Photo by Frans Van Heerden on

Greetings on this the Thursday of the Sixth Week in Ordinary Time
Readings: Gn 9:1-13; Ps 102:16-18, 19-21, 29 and 22-23; Mk 8:27-33
Notes: The region of Caesarea Philippi was considered a place of religious observances by Greek and Roman alike. It was so named by Herod Philip (son of Herod the Great).

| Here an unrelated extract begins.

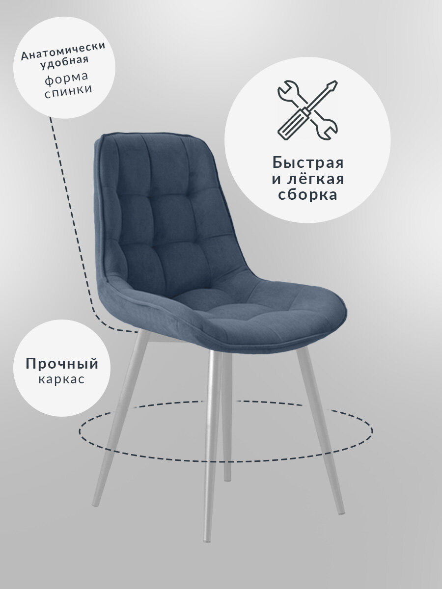Стулья для кухни Румба 2 шт мягкие с поворотным механизмом, синий с белыми ножками

Caesar Philip is its meaning.

Jesus, meek and mild, goes there and sets his example in contrast to the kingdoms and religions of the world.

  • Not the deities of the Greek pantheon.
  • Not the powerful of the Roman Caesars.
  • Not the civil royalty of the Jews (non-davidic).

Jesus, Messiah, meek and mild.

He began to teach them that the Son of Man must suffer greatly and be rejected by the elders, the chief priests, and the scribes, and be killed, and rise after three days. He spoke this openly.

God is not at war with us.
He has set his bow in the clouds.
He has come to save us.

A geography of Caesarea Philippi can be found here:

First reading
I set my bow in the clouds to serve as a sign of the covenant between me and the earth.

Responsorial Psalm
From heaven the Lord looks down on the earth.

Alleluia Verse
Your words, Lord, are Spirit and life; you have the words of everlasting life (Jn 6:63c, 68c).

Gospel Portion
Jesus and his disciples set out for the villages of Caesarea Philippi.

“But who do you say that I am?” Peter said to him in reply, “You are the Christ.”